Lebih lanjut, Said mengatakan PDIP akan mengikuti saran-saran dari MK dalam melakukan revisi UU Pemilu untuk menghapus presidential threshold dan melakukan rekayasa konstitusional mencegah munculnya banyak pasangan calon. Saran-saran MK sudah tertuang dalam pertimbangan hukum MK dalam putusan atas uji materi Pasal 222 UU Pemilu.

"Kami akan menjadikannya (saran MK) sebagai pedoman nanti dalam pembahasan revisi undang undang pemilu antara pemerintah dan DPR," pungkas Said.

Dalam pertimbangan hukum MK pada perkara Nomor 62/PUU-XXII/2024, hakim konstitusi Saldi Isra mengungkapkan bahwa MK juga memberikan pedoman bagi pembentuk undang-undang untuk melakukan rekayasa konstitusional atau constitutional engineering agar tidak muncul pasangan calon presiden dan wakil presiden dengan jumlah yang terlalu banyak. Pedoman tersebut, antara lain, pertama, semua partai politik peserta pemilu berhak mengusulkan pasangan calon presiden dan wakil presiden.

"Kedua, pengusulan pasangan calon presiden dan wakil presiden oleh partai politik atau gabungan partai politik peserta pemilu tidak didasarkan pada persentase jumlah kursi di DPR atau perolehan suara sah secara nasional," ungkap dia.

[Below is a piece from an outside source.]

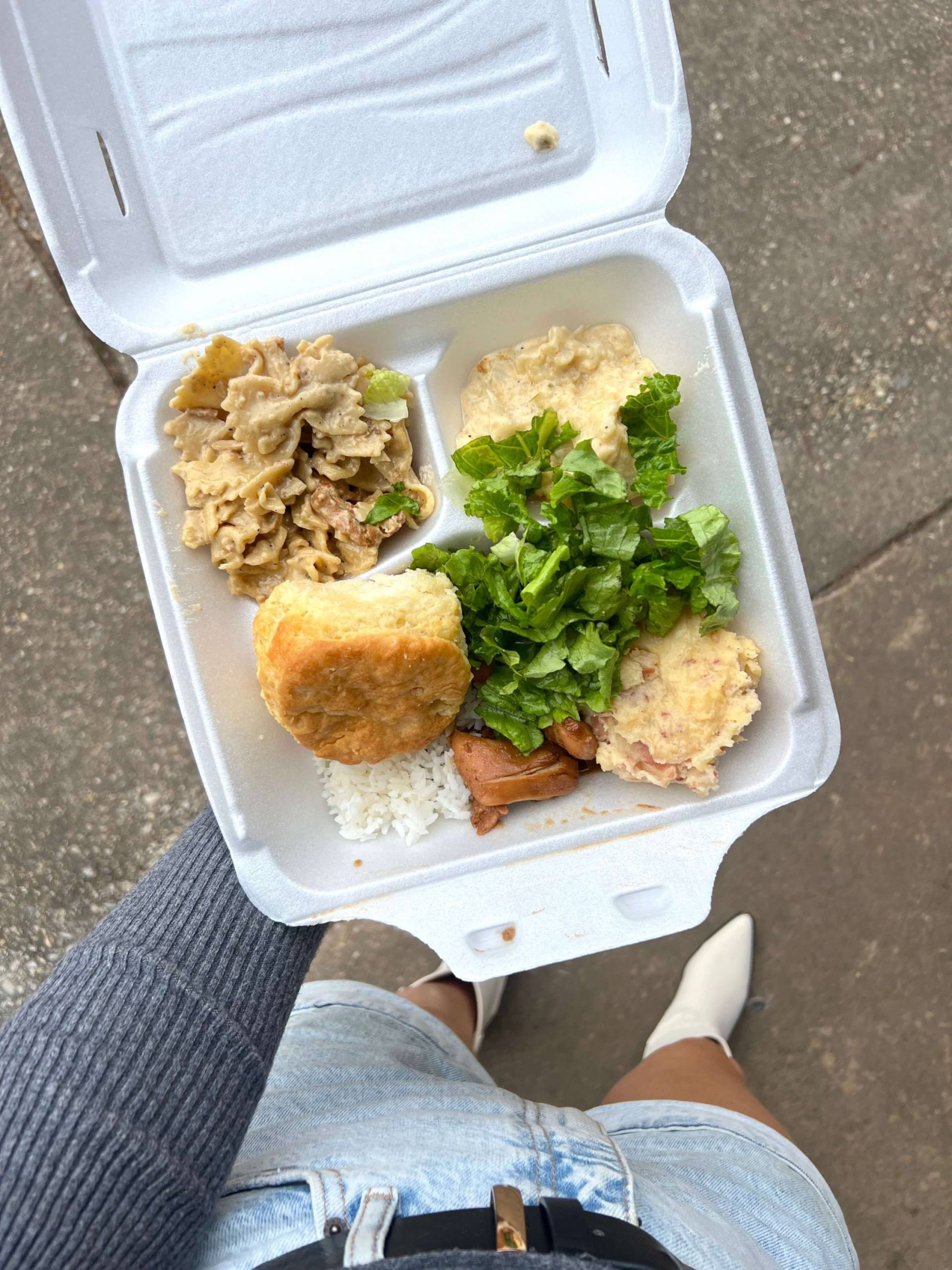 A Louisiana plate lunch typically consists of a a plate loaded with comfort foods like smothered pork or crawfish étouffée and accompanied by hearty sides such as Mac and cheese, fried okra, dirty rice and more. Each person can pick a different combination of meat and sides.

Ketiga, lanjut Saldi, dalam mengusulkan pasangan calon presiden dan wakil presiden, partai politik peserta pemilu dapat bergabung sepanjang gabungan partai politik peserta pemilu tersebut tidak menyebabkan dominasi partai politik atau gabungan partai politik sehingga menyebabkan terbatasnya pasangan calon presiden dan wakil presiden serta terbatasnya pilihan pemilih.

Keempat, partai politik peserta pemilu yang tidak mengusulkan pasangan calon presiden dan wakil presiden dikenakan sanksi larangan mengikuti pemilu periode berikutnya.

"Kelima, perumusan rekayasa konstitusional dimaksud termasuk perubahan UU Pemilu melibatkan partisipasi semua pihak yang memiliki perhatian (concern) terhadap penyelenggaran pemilu termasuk partai politik yang tidak memperoleh kursi di DPR dengan menerapkan prinsip partisipasi publik yang bermakna atau meaningful participation," pungkas Saldi Isra.